Social Media Guidelines for Your Franchise | Be The Boss

Social Media Guidelines for Your Franchise

Manalto

Date

Feb 08, 2017

Where should you begin?

When looking to get started on social media, or when you’re wanting to ramp up your exposure as a growing franchise, it’s a smart move to put social media guidelines in place. These guidelines can help streamline your social marketing efforts, company-wide. Putting some parameters in place can help with effective communication online between your franchise and your audience. This will, hopefully, make it easy to create new pages when your franchise expands, since you will already have these guidelines and this framework in place.

All too often we have witnessed incidents where rogue posters, hacked accounts or negative comments were posted on a corporate page and have been left, without response, for far too long. Ensuring guidelines are in place can help to alleviate some of the stress and manage some of the risk when posting and responding on behalf of your company or franchise system.

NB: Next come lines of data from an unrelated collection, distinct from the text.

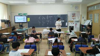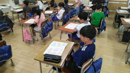 2年生の5時間目は、しょしゃの学習でした。ちょうど「まがり」の書き方の練習をみんなでしていました。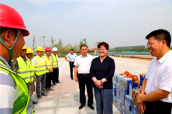 7月16日,扶溝縣長(zhǎng)張穎波來到鄭合高鐵(扶溝段)基礎(chǔ)設(shè)施項(xiàng)目現(xiàn)場(chǎng),為酷暑中仍忙碌在一線的施工人員送來防中暑藥品和西瓜,并實(shí)地督導(dǎo)高鐵路外環(huán)境安全隱患綜合整治等工作。副縣長(zhǎng)任松奎和縣住建局、縣水利局、縣高鐵辦主要負(fù)責(zé)人、相關(guān)鄉(xiāng)鎮(zhèn)長(zhǎng)參加。
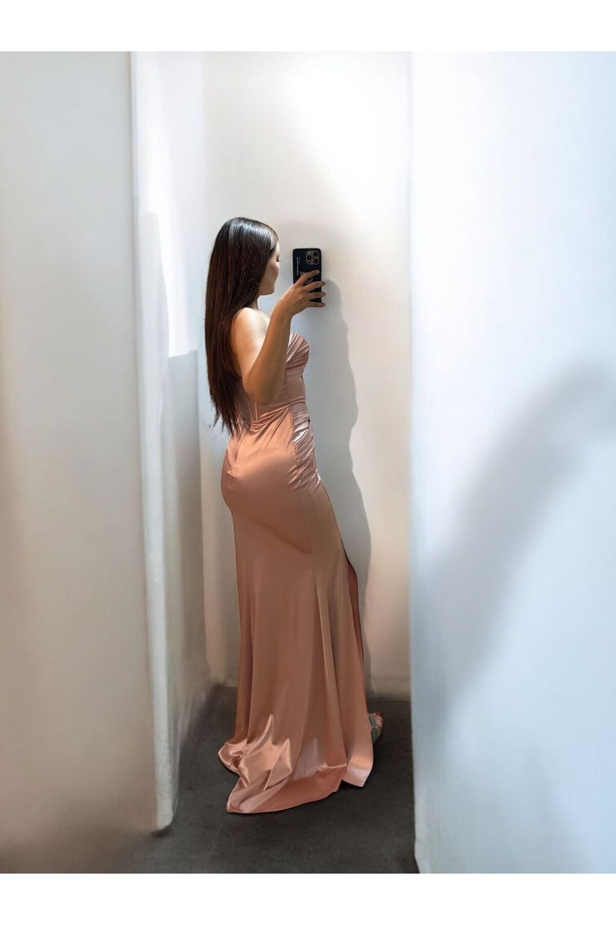 Aura Korseli Balık Model Saten Straplez Pudra Pembe Renk Abiye Elbise-36 Aura Korseli Balık Model Saten Straplez Pudra Pembe Renk Abiye Elbise-36 BLKPMB1 38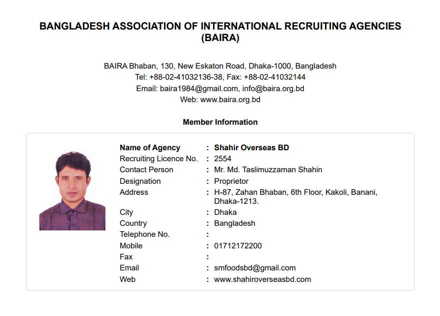 Certified by the Bangladesh Association of International Recruiting Agencies (BAIRA), ensuring compliance with industry standards and regulations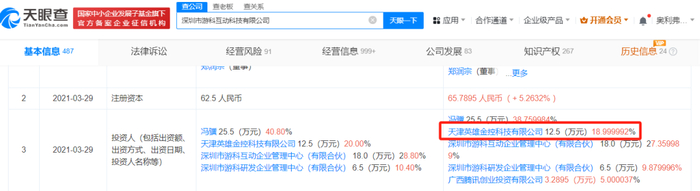 天眼查显示,2021年3月29日,英雄互娱持有互动科技约19%的股份,对应注册资本为12.5万元。

So where do you begin with creating your own social media policy and establishing some general guidelines?

1. Claim What’s Yours

A good way to protect your brand now and in the future, is to claim the social media handles related to your brand or company, even if you don’t plan to use them right away. This step can be completed just as you claim your domain name and email addresses; a modern take on the typical first stage branding procedures.

2. Brand Messages

Create a document that covers how your brand will participate on social media and what your brand voice will be, as well as what online success means to you. This includes how many times a day to post, how you will measure success, how often to pull reports, what types of images and videos are appropriate to use, what channels to pursue for posting, who will be the administrators and so on. The guidelines document should reflect your own corporate policies and structure as well.

3. Monitor Your Brand

Monitor your accounts closely. This seems like something that should go without saying, but if you don’t have a process in place for who is responsible, important messages could go unnoticed! Have a method to respond to all inquiries, comments, reviews, etc. that includes the employees responsible for this, who to hand off sales or customer support inquiries to, etc. It’s important to remember that social media isn’t a 9-5 job and needs attention and monitoring continuously. This is a great reason to utilize a social media management tool to give you that 24/7 visibility into your accounts and activity.

4. Employee Exit Policy

When an employee leaves a company, it’s important to ensure that you have the capability to revoke social media access, immediately. Rogue posting happens all too often when a disgruntled employee still has access to the corporate accounts after leaving abruptly or on bad terms. This can be mitigated by using a social media management tool that has a hierarchical structure with easy to manage permission settings, another reason a tool is key. In addition, you should ensure that you have more than one administrator with direct access to your Facebook, LinkedIn or Twitter accounts, to ensure that information does not leave with one employee.

5. Revisit Your Social Media Guidelines Often

Review your guidelines each time a new account is added or a new employee is given access to your social media, either directly or through a management tool. Making sure your social media policy is up to date is crucial to keeping your brand safe and staying on top of your growing business’s online presence.

As social media continues to grow as a marketing and communication tool, franchise systems need to have greater control of their brand. Having these guidelines in place are an important piece and step in effective brand and reputation management.